LENGUANTES
Por: Lulú V. Barrera*
A Soledad, Samia, Iran y Karla
Mi madre siempre me dijo “no te cases”, y mi padre me animó a lanzarme y hacer cosas temerarias sin miedo. Nunca lo pensaron así, pero estas fueron experiencias nacientes de mi pulso vital feminista.
Mis padres también me metieron a una escuela de monjas y puras mujeres en la secundaria; era obligado ir a misa cada semana y cantar a coro la misa es una fiesta muy alegre aunque fuera aburridísima.
En el seno de la educación católica empecé a dudar de ella y todo lo que esperaba de mí.
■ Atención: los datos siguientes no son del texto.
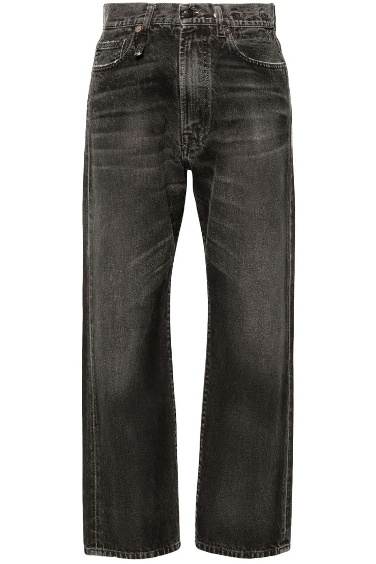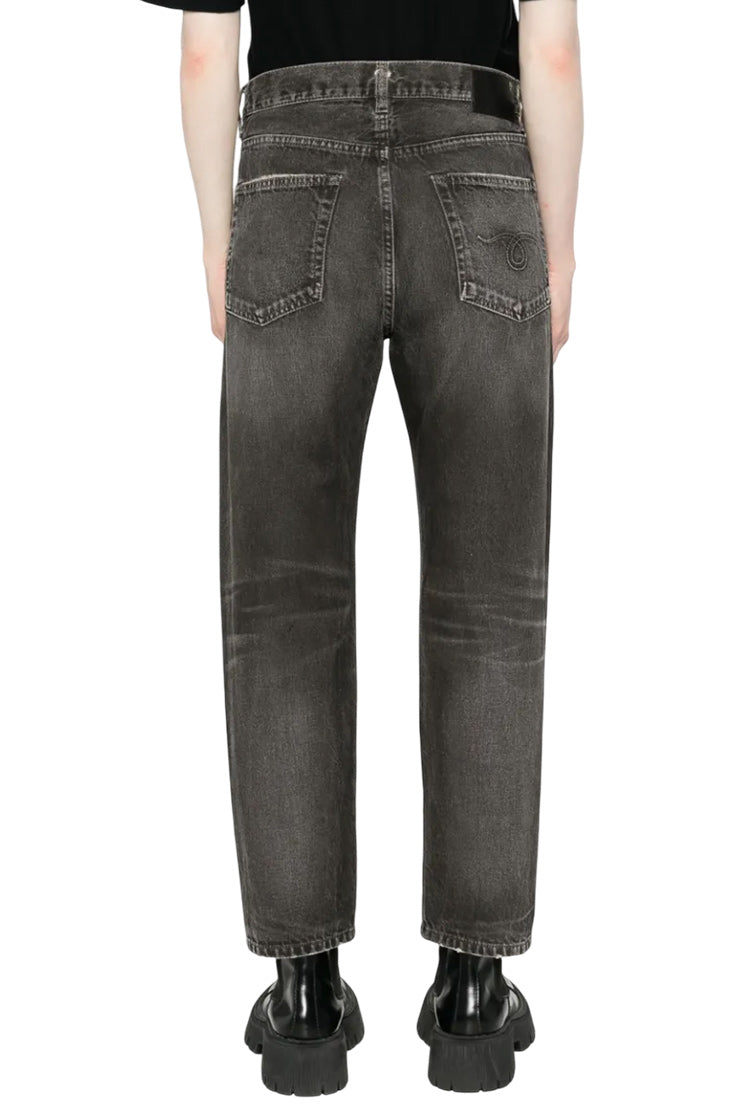 Mid-rise boyfriend jeans in cotton with a distressed finish. Concealed zip-fly and button fastening, along with belt loops and classic five pockets. Rivets and subtle whiskering at the thighs add a trendy touch. Ankle-length cut. Logo patch at the rear.

Un día, una madre entró al salón y nos habló de masturbación sin siquiera nombrar la palabra.
Todo nos evocaba a un impulso misterioso de llevar las manos a un lugar oculto ya en la cama antes de irnos a dormir, ante lo que deberíamos siempre recordar poner las palmas de las manos juntas y a un lado de nuestra cabeza y resistirlo.
La verdad es que eso poco nos importaba, lo que queríamos era experimentarlo todo, teníamos 12 años y cada día nos sentíamos más grandes, lo veíamos en nuestro cuerpo.
Ya habíamos pasado por querer tener el pelo suelto como Gloria Trevi, empezábamos a escuchar a Nirvana, y gritábamos “Ironic” con Alanis Morissette; tarareábamos cosas incomprensibles que nos sonaran a inglés mientras bailábamos “Short dick man” sin tener la más remota consciencia de lo que estábamos diciendo.
Teníamos que optar por tomar clases de cocina, taquimecanografía y decoración, sí, aborreciblemente estereotípico, pero estando juntas todo era más divertido.
Nos sentíamos libres y hacíamos lo que nos daba la gana. Nos portábamos mal, desafiábamos las reglas y complotábamos para hacerlo: una vez quedamos todas en inventarle algún pecado interesante al padre en la confesión.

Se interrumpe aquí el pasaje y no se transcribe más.